ABSTRACT
Purpose
When first-line chronic rhinosinusitis (CRS) treatment fails, patients can either be treated with oral or injected systemic corticosteroids. Although the EPOS and international guidelines for CRS do not mention injected corticosteroids, it is commonly used by ear, nose, and throat specialists. While the risks of systemic corticosteroids, in general, are known, the pros and cons of injected and oral corticosteroids (OCS) in CRS treatment are unclear.
Methods
A systematic review of studies that report the effects and/or side effects of injected and oral corticosteroids in the treatment of CRS was made according to the PRISMA guidelines.
Results
Altogether, 48 studies were included, only five studies reported on injected corticosteroids, and five attended with side effects. Three studies found beneficial effects of OCS perioperatively on sinus surgery, while four articles found no effect. Nineteen articles reported that OCS resulted in an improvement in symptoms. Two articles presented a longer-lasting effect of injected corticosteroids than OCS. Three studies reported adverse side effects of systemic corticosteroids, while two studies showed no adverse side effects. One study showed less adrenal suppression after injected corticosteroids compared to OCS. The evidence is not strong but shows a positive effect of systemic corticosteroids that lasts longer with injections.
Conclusion
Although systemic corticosteroids are widely used to treat CRS, there is a lack of studies comparing the OCS and injected corticosteroids. The evidence is sparse, however, injected steroids show longer effects with fewer side effects. An RCT study is needed to compare OCS and injected corticosteroids.
Introduction
Chronic rhinosinusitis (CRS) is a highly prevalent inflammatory disease of the upper airways.
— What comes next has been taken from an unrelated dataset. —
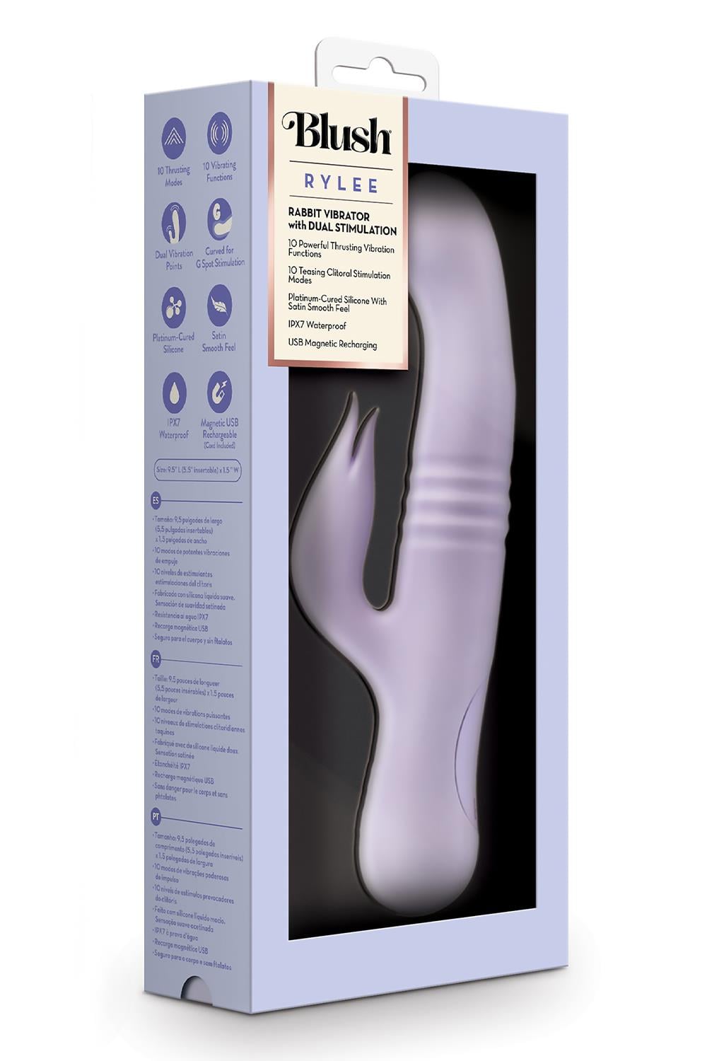 Introducing Rylee, the sleek and energetic rabbit vibrator that will Make The Bed Shake. With its elegant design, this dual stimulator offers a world of clitoral and G-spot sensations. Its rounded head is curved for comfortable insertion, featuring 10 powerful thrusting vibrations, with 3 progressive speeds & 7 creative patterns that passionately romances your G-spot. The clitoral stimulator adds 10 additional discreet vibrations, softly teasing and caressing your clitoris with delicate and tantalizing sensations. Crafted from body safe platinum-cured silicone, Rylee feels satin smooth against your skin, ensuring sensational comfort during use. With its IPX7 waterproof design and USB magnetic recharging, its ready to accompany you in the shower or bath for enhanced play. There are so many ways to inspire your most intimate moments with this massaging vibrator. Rylee is ready to go all the way till sunrise.10 Powerful thrusting vibrations with 3 speeds and 7 patterns10 Teasing clitoral stimulation modes for enhanced pleasureCrafted from platinum-cured silicone with a satin smooth feelUSB magnetic rechargeableIPX7 waterproof, fully submersibleLenght 9.25 inch / 23,5 cmInsertable length 5.25 inch / 13,3 cmWidth 1.5 inch / 3,8 cmManual: Video Manual

CRS can be challenging to treat, and appropriate use of medical treatments is required to optimize patients’ daily functions and their quality of life (QoL). When patients have tried and failed standard local treatment or still have severe symptoms (VAS ≥5), treatment with a short course of systemic steroids may be used [Citation3–5].
Treatment with systemic corticosteroids almost always results in an improvement of symptoms, by reducing the inflammatory response, reducing polyp size, re-establishing normal mucosal function, and thereby improving sinus drainage and improving nasal airflow and reducing obstruction of the olfactory area; however, often the effect is transient [Citation3]. When corticosteroid injections are chosen as the treatment plan for CRS 14 mg of Betamethasone (Diprofos ®) is used as a single injection in Denmark, which compares to 88 mg equivalent dose of prednisolone (). When OCS is used, a 14-day treatment plan with 50 mg prednisolone daily (700 mg in total) could be chosen [Citation7]. New treatment options with monoclonal antibodies (biologicals) may in some countries be offered to CRS with nasal polyps (CRSwNP) to avoid the use of systemic corticosteroids or revision sinus surgery.
Table 1. Characteristics of various corticosteroids [Citation8].
The risks of adverse side effects heighten with increasing cumulative exposure and increasing mean daily exposure to systemic corticosteroids [Citation9]. The short- and long-term risks are summarized in . Even though systemic corticosteroids are recommended as standard treatment for CRS, there seems to be a lack of recommendations concerning the choice of drug, choice of treatment method (injection or oral corticosteroids (OCS)), dose, and duration of treatment. OCS is only sparsely mentioned in the 2020 edition of the European Position Paper on Rhinosinusitis and Nasal Polyps (EPOS) and corticosteroid injections are not mentioned at all [Citation3]. Therefore, this review was made in an attempt to enhance the EPOS guidelines with a focus on the current evidence of effects and side effects of treating CRS with systemic corticosteroids and especially injected corticosteroids.
Table 2. Side effects to systemic corticosteroids [Citation15,Citation17,Citation20].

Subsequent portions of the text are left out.